Understanding and achieving immunity to cancer does not fit neatly into the self/nonself paradigm because cancer is not an exogenous pathogen, but rather arises from normal host cells. In this regard, cancer antigens recognized by the human immune system are self or mutated self molecules (2
). Explaining the genetic basis for the pathogenesis of cancer is necessary to understanding the difficulties that the immune system has in recognizing cancer cells.
Protooncogenes and tumor suppressor genes are normal cellular genes that control crucial cell functions, particularly growth and survival (3
). Mutations in these genes lead to the emergence of cancer. In addition, loss of expression of tumor suppressor genes contributes to malignant transformation through major deletions in their genetic sequences or silencing by methylation of nucleotides in promoter regions that control gene expression. These deleted or silent genes are incapable of producing antigenic targets for the immune system, but mutated protooncogenes, tumor suppressor genes, or other self genes might generate mutant protein products that could serve as suitable antigens.

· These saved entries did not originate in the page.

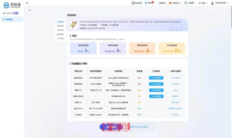 傳統(tǒng)合規(guī)模式在合規(guī)方案上存在局限,而LinkSafe調(diào)用AI合規(guī)引擎,1秒內(nèi)完成6大維度掃描(官方法規(guī)/知識(shí)產(chǎn)權(quán)/平臺(tái)政策/稅務(wù)合規(guī)/環(huán)保合規(guī)/產(chǎn)品檢測(cè)認(rèn)證),覆蓋220+國(guó)家/地區(qū)、12大品類,精準(zhǔn)命中10萬+法規(guī)條文、50萬+高風(fēng)險(xiǎn)關(guān)鍵詞,最多可檢測(cè)出10000+潛在風(fēng)險(xiǎn)點(diǎn)。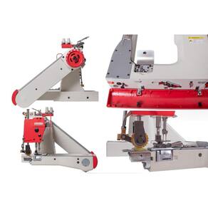 Máquina de costura industrial fechadeira de braço para a confecção de vestuário utilizada para fechamento lateral de short tactel e tecidos médios.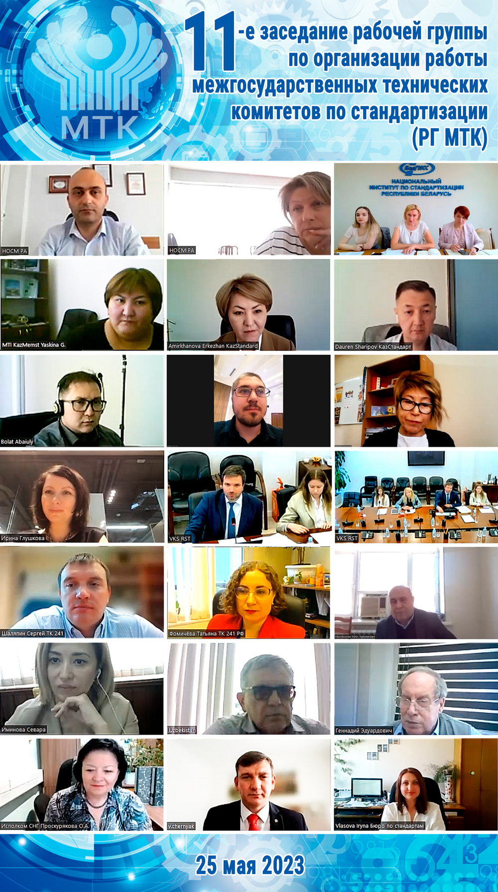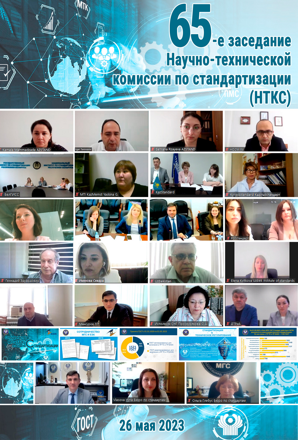 C 25 по 26 мая 2023 в формате видеоконференции состоялись 11-е заседание Рабочей группы по организации работы МТК (РГ МТК) и 65-е заседание Научно-технической комиссии по стандартизации (НТКС) Межгосударственного совета по стандартизации, метрологии и сертификации организованные Бюро по стандартам.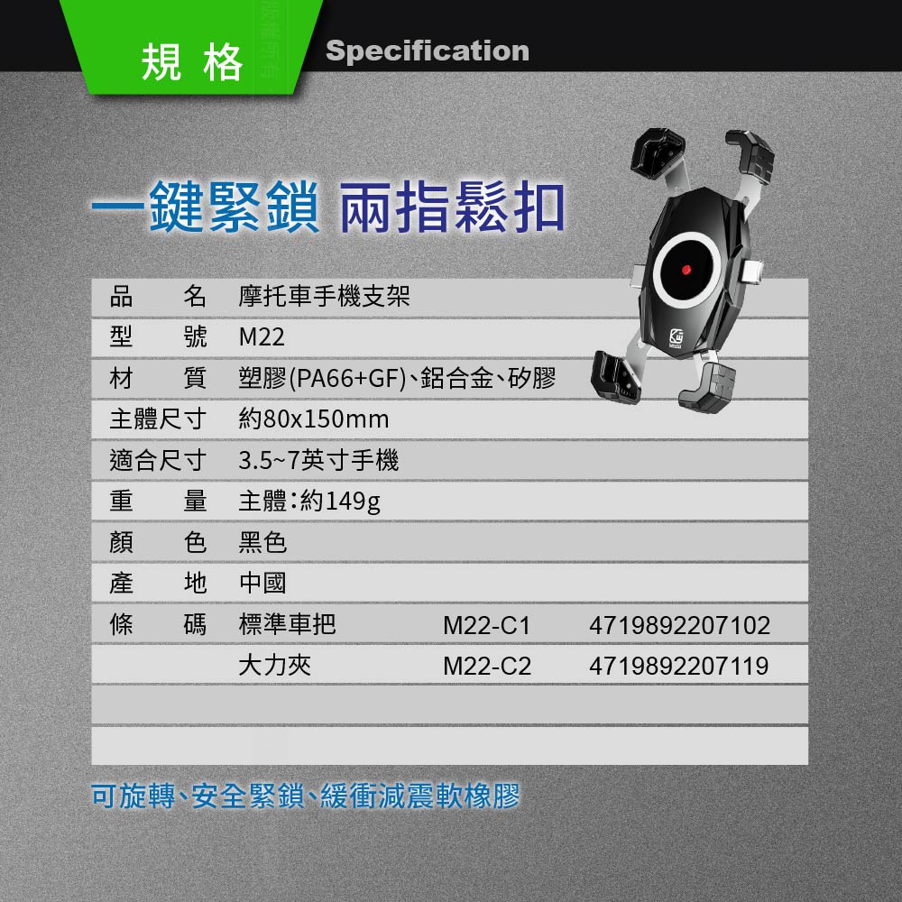 [家速配]凱威格鋼固爪摩托車手機支架M22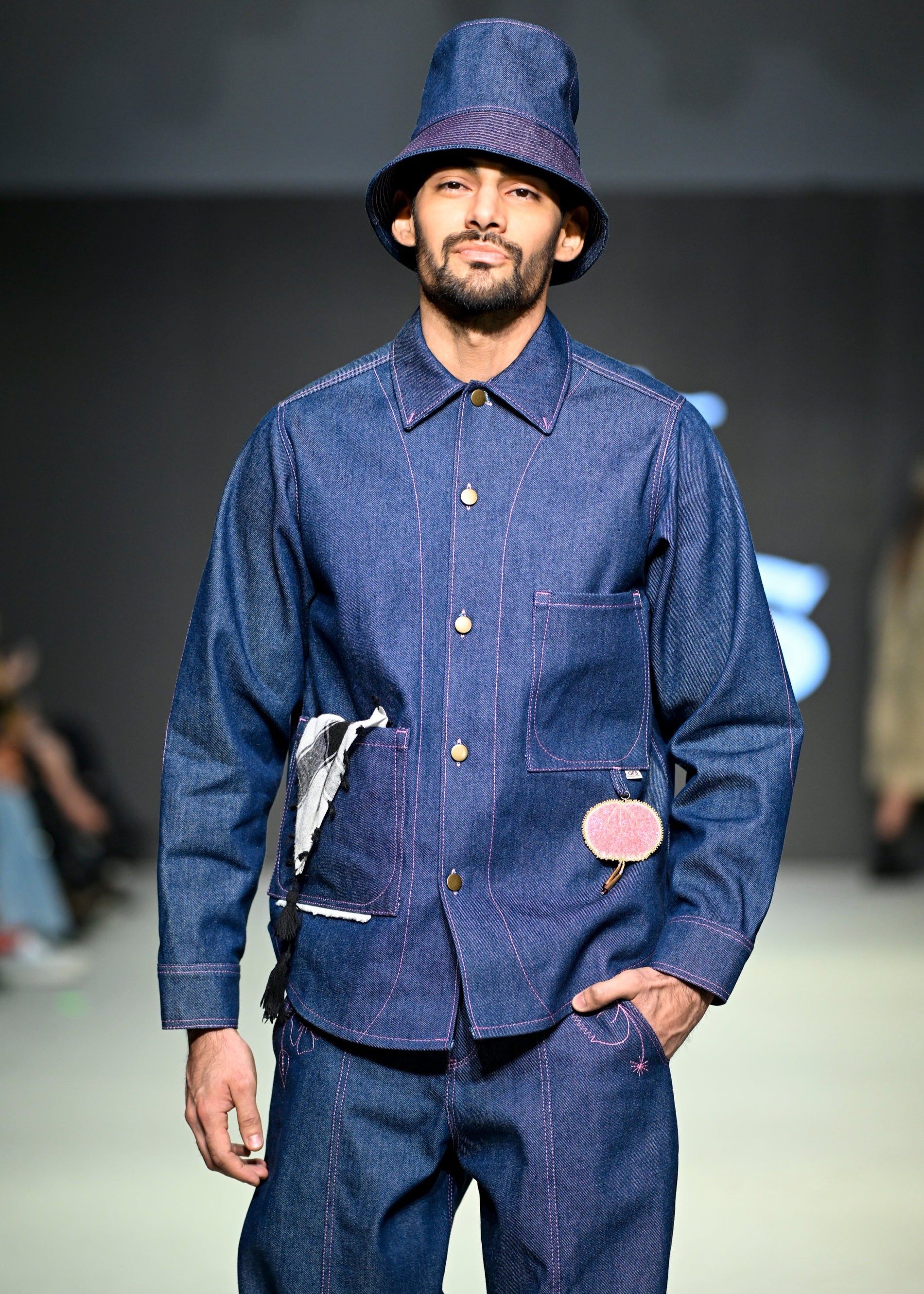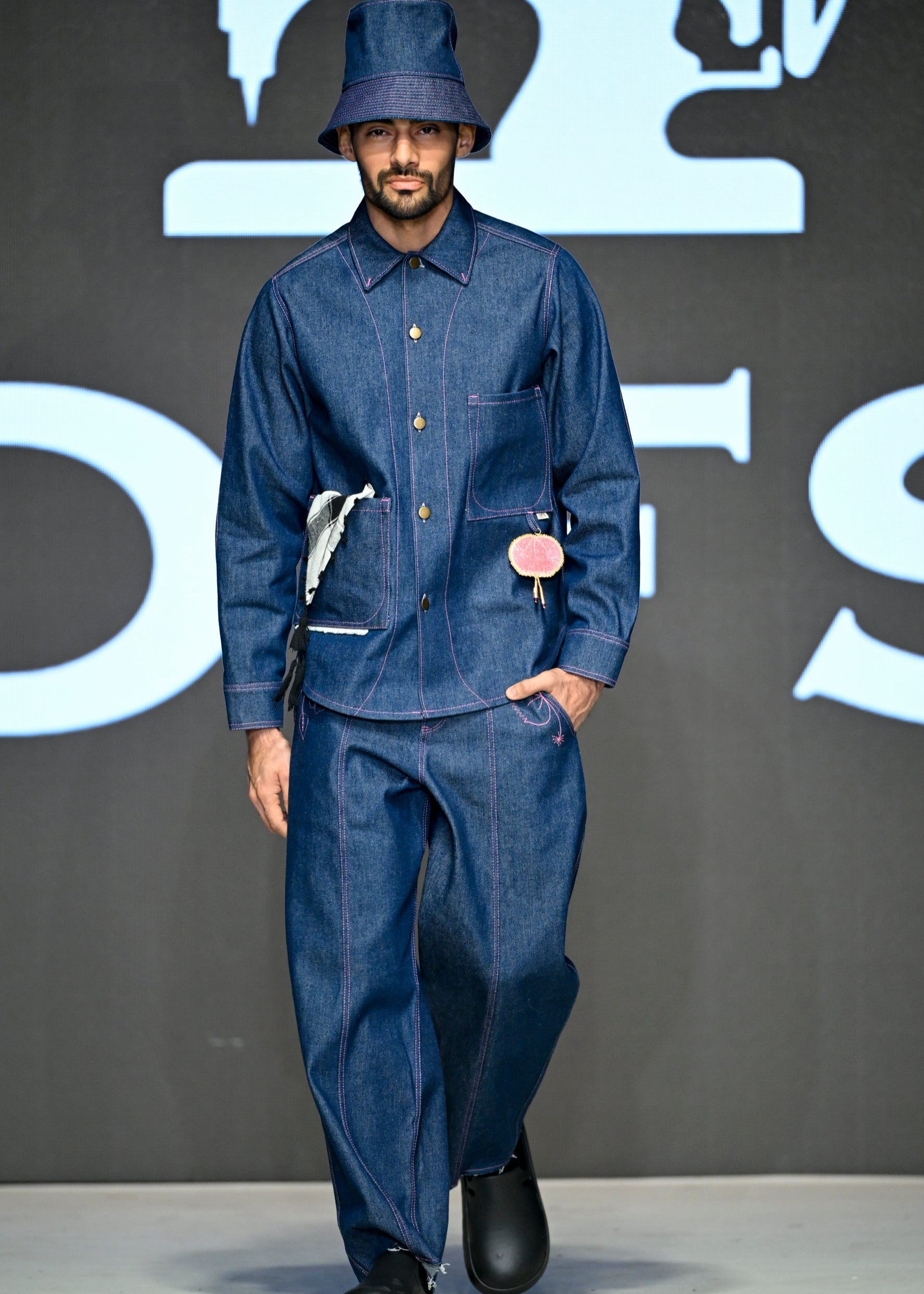 Experience the essence of luxury with our Floral Denim Set. Each individual element is handcrafted in a soft, sweet pink adorned with intricate floral patterns and meticulous beadwork. The vintage-inspired finishes and distinctive OFS touches elevate the look. The floral accents and generous fit of the luxurious bottoms are complemented by the matching top, featuring stunning floral details and ornate beadwork by the renowned artist Jada Pape. A true collaborative masterpiece.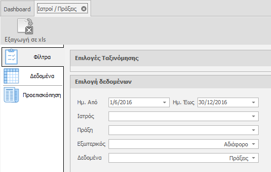 Μενού Εκτυπώσεις -> Ιατροί ανά Πράξη
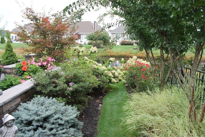 The Schnabels created a serene landscape and a backyard courtyard for interest and enjoyment all year. Ellen’s vision was to provide a well-balanced garden with several focal points, particularly in the backyard with a multitude of courtyard container plantings, elm, crepe myrtle and maple trees, grasses and limelight hydrangeas that frame the lovely pond and water fountain. She utilizes containers for evergreens on the courtyard so there are pretty plants to view in the winter. Her beautiful crockery is highlighted with bright spots of colorful flowers.

An accumulation of genetic alterations in protooncogenes and tumor suppressor genes leads to profound changes in normal cells, including immortality, a block in terminal differentiation, an ability to invade normal tissues and recruit new blood vessels, and the potential to metastasize to distant organs (3
). However, because the immune system is trained not to respond to self molecules (in order to avoid autoimmunity), antigenic changes in malignant cells that are created by individual mutations can be rather subtle from the standpoint of the immune system — cancer cells still utilize essentially the same cellular molecules as healthy cells to regulate growth and survival (3
). Perhaps mutations in self proteins can be viewed as generating nonself proteins, comparable to foreign proteins from pathogens or other species. This argument has been used as the basis for conducting experiments in mice for the study of tumor immunity using tumors expressing viral or chicken proteins.
T cells, which are immune cells crucial for rejecting tumors, use their TCRs to recognize short antigenic peptides bound to MHC-I and -II molecules on the surface of host APCs. Naive T cells that have never been activated by antigen are initially triggered by TCR recognition of specific peptide/MHC complexes presented by dendritic cells, which are specialized, professional APCs that provide additional potent costimulatory signals for T cell activation. Dendritic cells capture exogenous antigens from pathogens as well as from host cells. The ability of dendritic cells to take up and present antigens is the basis for vaccination’s ability to produce T cell immunity. Activated T cells can go on to destroy antigen-positive host cells, e.g., cells infected with pathogens or cancer cells. Host cells, including cancer cells, can serve as targets for previously activated T cells through the processing and presentation of antigenic peptides. However, nonprofessional APCs, including most cancer cells, which lack costimulatory molecules, are ill-equipped to initiate immune responses from naive T cells.